# What this task involves
Only the lines from the line with "Площадь 34 кв.м." through the end of the records belong in your reply, copied exactly, with every picture left out.

# Records for this exercise
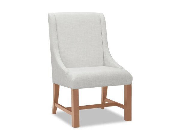 Crafted from Rubberwood solids with a Cappuccino finish, this slat back side chair features a comfort curved cap rail and a padded seat upholstered in Gravel Linen fabric. It includes nylon chair glides to protect flooring.
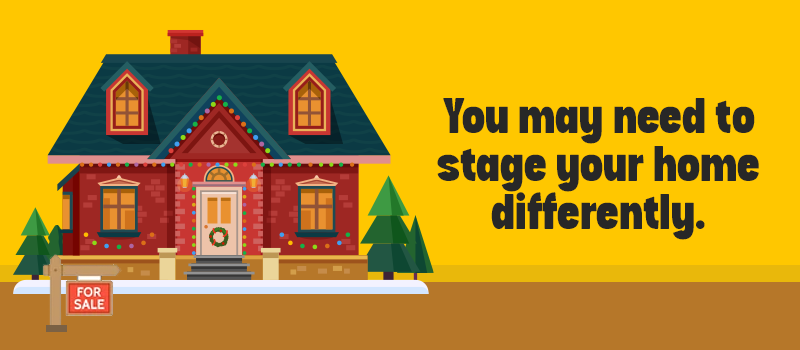 • Make sure the holiday decorations do not overpower the space. If you’re selling around the holiday and have put up decorations, keep it simple. If you’re selling once the holidays are over, carefully consider your displays so your house won’t show wreaths and reindeers in the middle of January.
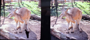 I shot this on the Stereo 12 with Mamiya 105mm lenses, to get a radically different feel from the shot it’s paired with. I tried to soften the background a bit via selective focus to obscure the fact that I’m slightly exceeding my depth budget. Generally the eyes don’t try to focus on out-of-focus details, but this is all experimental! Let me know how it works for you! Shot on 65mm 500T IMAX film and printed as an M-Chrome. The negative got a little brutalized on this one, adding some scratches. (The image shown here was a different take than the slide; the slide version is better, but we only scanned this take.)
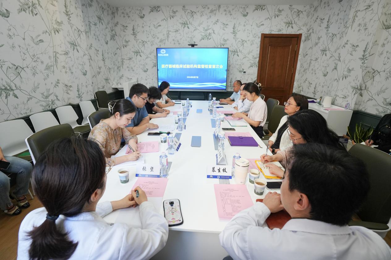 医疗器械临床试验机构实施日常监督检查。机构办朱娜副主任、伦理办武敏主任、心血管内二科专业组PI寿锡凌主任、康复医学科专业组PI王继军主任、烧伤整形外科专业组PI慕生枝主任、妇科专业组Sub-I李玢副主任、眼科专业组Sub-I杨乐副主任及相关工作人员陪同检查。
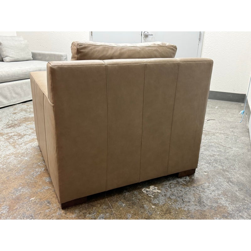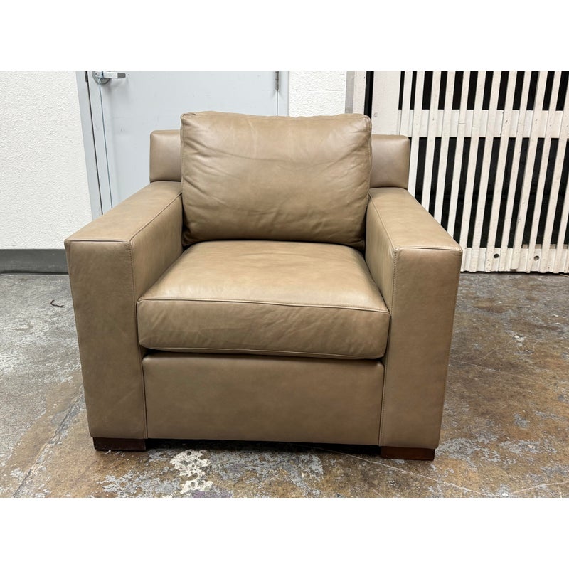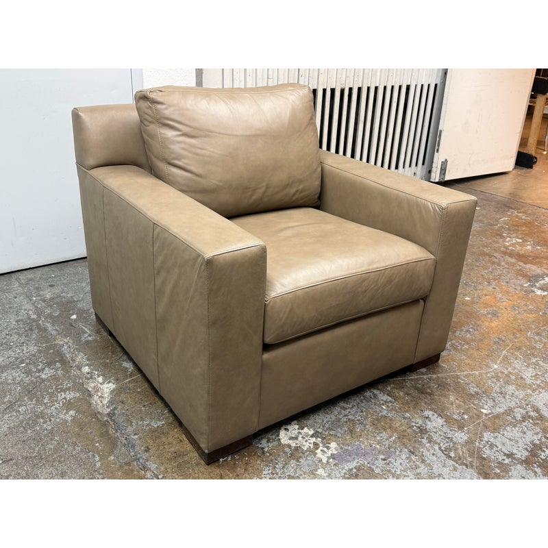 Design Plus Gallery presents the Keene Lounge Chair from Origins by Stickley. The Keene makes a dramatic architectural statement for your home with wide track arms and low profile block feet. Is in good showroom sample condition with minimal wear for its usage. From the San Francisco Design Center. Made in the USA.
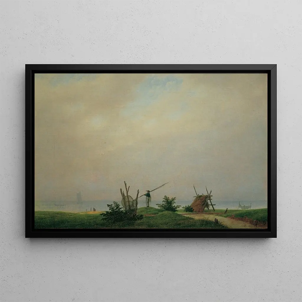 The art print "Beach with Fisherman" by Caspar David Friedrich evokes a peaceful scene where man and nature coexist in perfect harmony. The soft colors of the sky blend with the warm hues of the sand, creating a serene and contemplative atmosphere. The fisherman, a discreet silhouette, appears absorbed in his activity, while the waves gently lap the shore. Friedrich's technique, characterized by a subtle play of light and shadow, invites the viewer to immerse themselves in this moment of tranquility, where time seems suspended. This work, a true ode to nature, reminds us of the importance of simplicity and the beauty of everyday life.
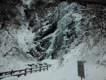 滝は、半分凍っていましたが、溶けかけた氷が時折音を立ててばりばり崩落するという、中々スリリングな状態でした。
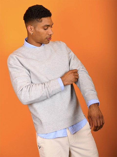 • ライスステッチ 変形ラグラン ビスコースミックス ワイドネックニットソー
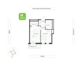 Площадь 34 кв.м. с классической планировкой: изолированная спальня и кухня.
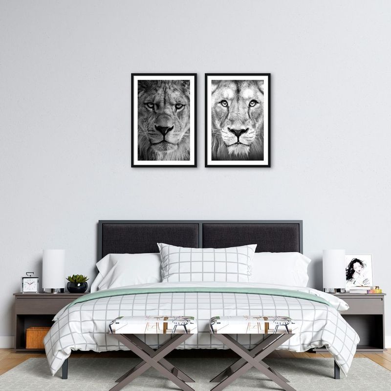 Quadro Leão e Leoa 88x60 2-60x43 Caixa Preto REF: 415075_Sicredi
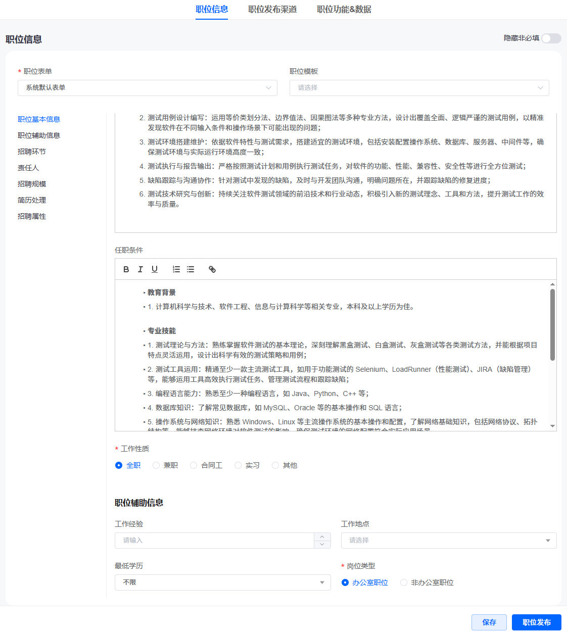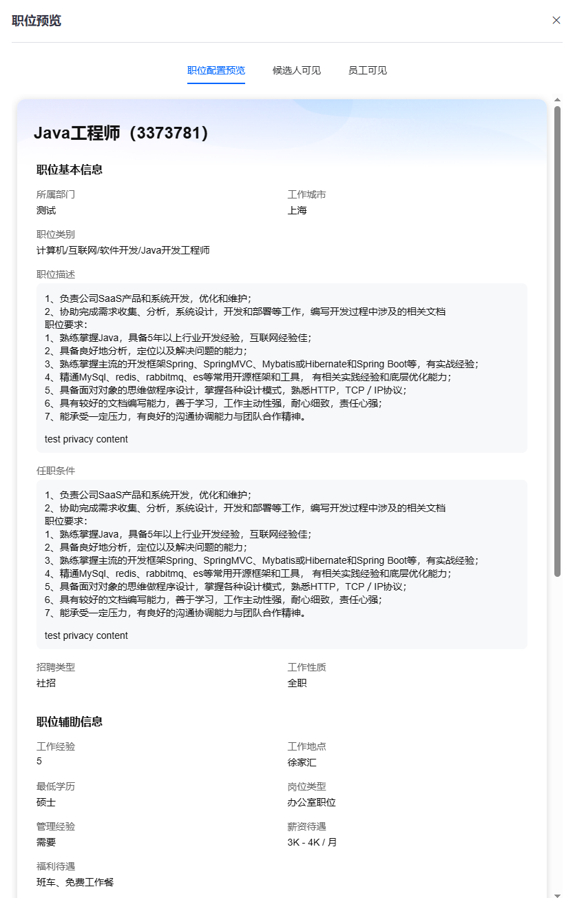 n 候选人可见:职位表单中配置了“候选人可见”的字段均显示其所选内容,没有任何编辑控制操作
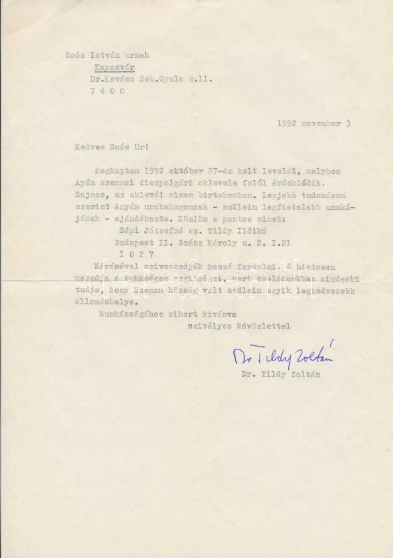 Dr. ifj. Tildy Zoltán (1917-1994) fényképész, természetfotós gépelt, autográf aláírásával ellátott levele 1992-ből.

# Answer to the problem
 Площадь 34 кв.м. с классической планировкой: изолированная спальня и кухня.
 Quadro Leão e Leoa 88x60 2-60x43 Caixa Preto REF: 415075_Sicredi
 n 候选人可见:职位表单中配置了“候选人可见”的字段均显示其所选内容,没有任何编辑控制操作
 Dr. ifj. Tildy Zoltán (1917-1994) fényképész, természetfotós gépelt, autográf aláírásával ellátott levele 1992-ből.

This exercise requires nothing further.